The simple Level 1 support using simple <word_character> classes is only a very rough approximation of user word boundaries. A much better method takes into account more context than just a single pair of letters. A general algorithm can take care of character and word boundaries for most of the world's languages. For more information, see UTR #29: Text Boundaries [Boundaries].

Note: Word-break boundaries and line-break boundaries are not generally the same; line breaking has a much more complex set of requirements to meet the typographic requirements of different languages. See UAX #14: Line Breaking Properties [LineBreak] for more information. However, line breaks are not generally relevant to general regular expression engines.

A fine-grained approach to languages such as Chinese or Thai, languages that do not have spaces, requires information that is beyond the bounds of what a Level 2 algorithm can provide.

3.4 Default Loose Matches

At Level 1, caseless matches do not need to handle cases where one character matches against two. Level 2 includes caseless matches where one character may match against two (or more) characters. For example, 00DF "ß" will match against the two characters "SS".

To correctly implement a caseless match and case conversions, see UAX #21: Case Mappings [Case]. For ease of implementation, a complete case folding file is supplied at CaseFolding.txt [CaseData].

If the implementation containing the regular expression engine also offers case conversions, then these should also be done in accordance with UAX #21, with the full mappings. The relevant data files are SpecialCasing.txt [SpecialCasing] and UnicodeData.txt [UData].

4 Tailored Support: Level 3

All of the above deals with a default specification for a regular expression. However, a regular expression engine also may want to support tailored specifications, typically tailored for a particular language or locale. This may be important when the regular expression engine is being used by less sophisticated users instead of programmers. For example, the order of Unicode characters may differ substantially from the order expected by users of a particular language.
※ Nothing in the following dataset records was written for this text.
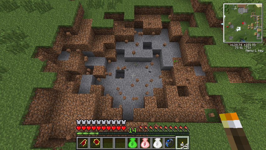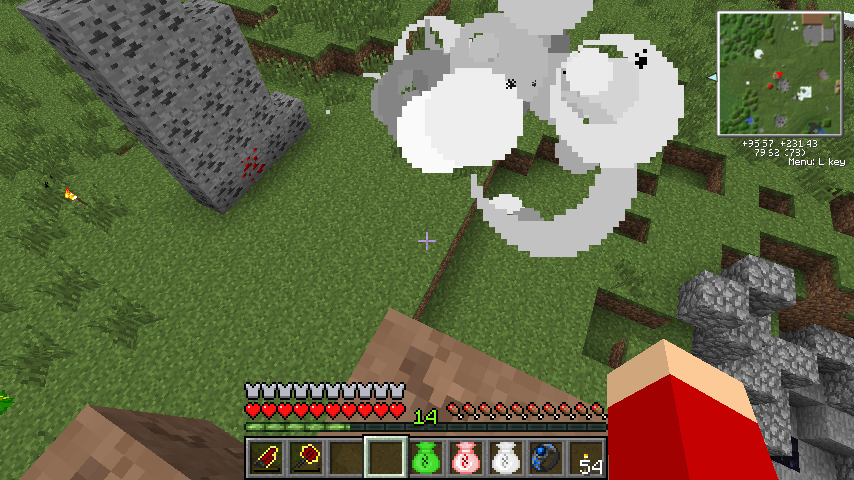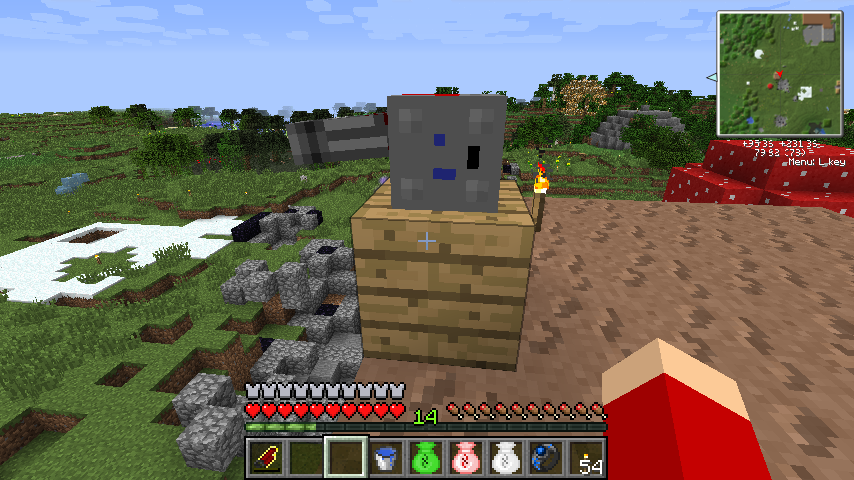 最後にレッドストーン入力すると、砲弾が発射され、着弾点に破壊を撒き散らします。
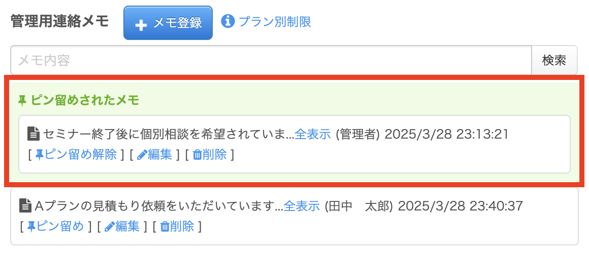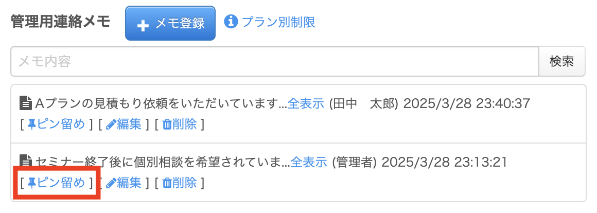 メモは「登録・編集・削除・ピン留め・検索」といった機能が揃っており、申込ごとの対応履歴を効率よく管理できます。
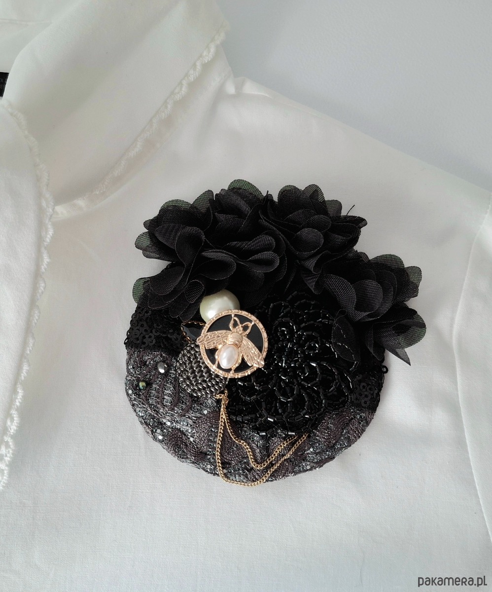 broszka wykonana w technice kolażu w pojedynczym egzemplarzu z myślą o osobach, które szukają urozmaicenia przy codziennych stylizacjach. Jest w niej zawarte wiele struktur i odcieni.Głęboka czerń i złoto dodają szyku kreacji będąc jednocześnie bardzo uniwersalnym dodatkiem który można wykorzystać do wielu stylizacji.

The regular expression engine has to decide, for example, whether the list [a-ä] means:

the Unicode characters in binary order between 0061₁₆ and 00E5₁₆ (including 'z', 'Z', '[', and '¼'), or
the letters in that order in the users' locale (which does not include 'z' in English, but does include it in Swedish).

If both tailored and default regular expressions are supported, then a number of different mechanism are affected. There are a two main alternatives for control of tailored support:

coarse-grained support: the whole regular expression (or the whole script in which the regular expression occurs) can be marked as being tailored.
fine-grained support: any part of the regular expression can be marked in some way as being tailored.

Marking locales is generally specified by means of the common ISO 639 and 3166 tags, such as "en_US". For more information on these tags, see Online Data [Online].

Level 3 support may be considerably slower than Level 2, and some scripts may require either Level 1 or Level 2 matches instead. Thus it is usually required to have some sort of syntax that will turn Level 3 support on and off. Because tailored regular expression patterns are usually quite specific to the locale, and will generally not work across different locales, the syntax should also specify the particular locale or other tailoring customization that the pattern was designed for.

4.1. Tailored Properties

Some of Unicode character properties, such as punctuation, may in a few cases vary from language to language or from country to country. For example, whether a curly quotation mark is opening or closing punctuation may vary. For those cases, the mapping of the properties to sets of characters will need to be dependent on the locale or other tailoring.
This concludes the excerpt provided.